AVAILABLE RECORDS
---------------
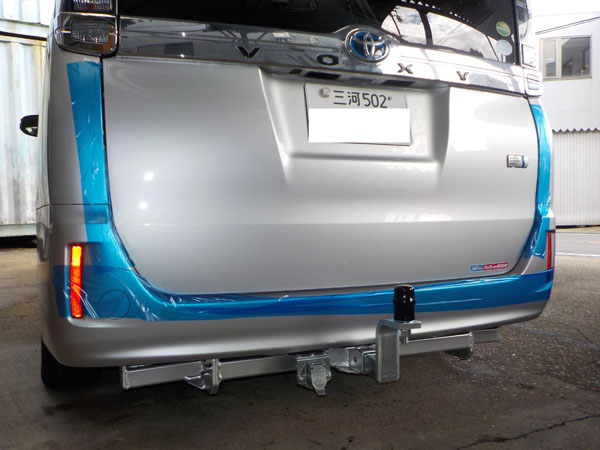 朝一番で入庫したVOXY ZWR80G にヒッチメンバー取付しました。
---------------
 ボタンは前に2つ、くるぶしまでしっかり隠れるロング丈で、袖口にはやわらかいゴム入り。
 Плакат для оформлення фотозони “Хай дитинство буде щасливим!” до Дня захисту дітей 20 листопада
---------------
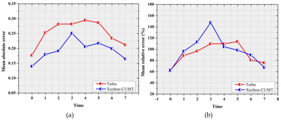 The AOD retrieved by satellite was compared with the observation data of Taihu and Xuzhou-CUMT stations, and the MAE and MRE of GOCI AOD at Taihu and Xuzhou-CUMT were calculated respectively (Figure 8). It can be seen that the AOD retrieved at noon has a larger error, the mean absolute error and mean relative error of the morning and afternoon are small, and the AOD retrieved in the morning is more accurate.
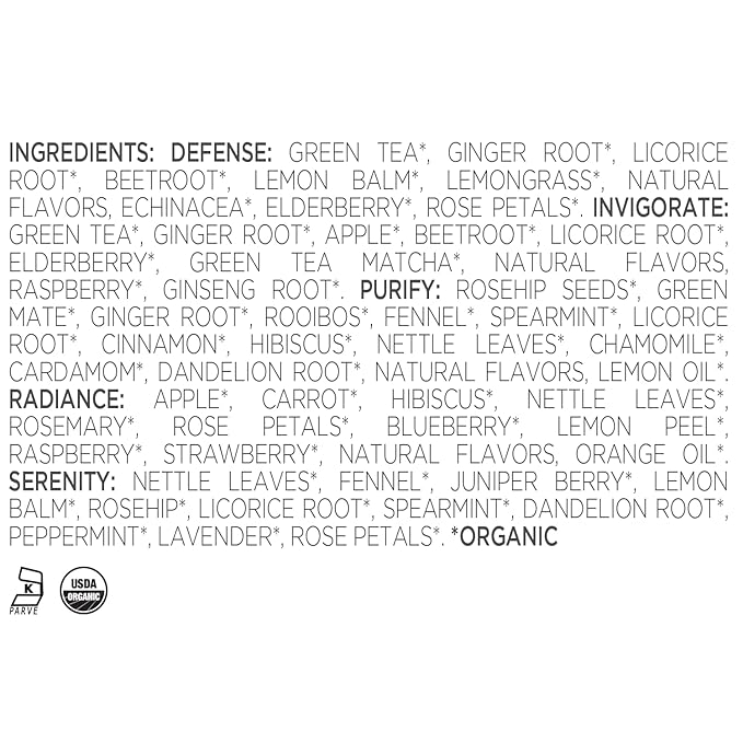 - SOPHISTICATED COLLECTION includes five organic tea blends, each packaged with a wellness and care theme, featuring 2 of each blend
---------------
AIM OF THE EXERCISE
Give again, exactly as written above, every line from the one holding "The AOD retrieved by" to the one holding "- SOPHISTICATED COLLECTION", with both ends kept and the pictures left out.

ANSWER AREA
 The AOD retrieved by satellite was compared with the observation data of Taihu and Xuzhou-CUMT stations, and the MAE and MRE of GOCI AOD at Taihu and Xuzhou-CUMT were calculated respectively (Figure 8). It can be seen that the AOD retrieved at noon has a larger error, the mean absolute error and mean relative error of the morning and afternoon are small, and the AOD retrieved in the morning is more accurate.
 - SOPHISTICATED COLLECTION includes five organic tea blends, each packaged with a wellness and care theme, featuring 2 of each blend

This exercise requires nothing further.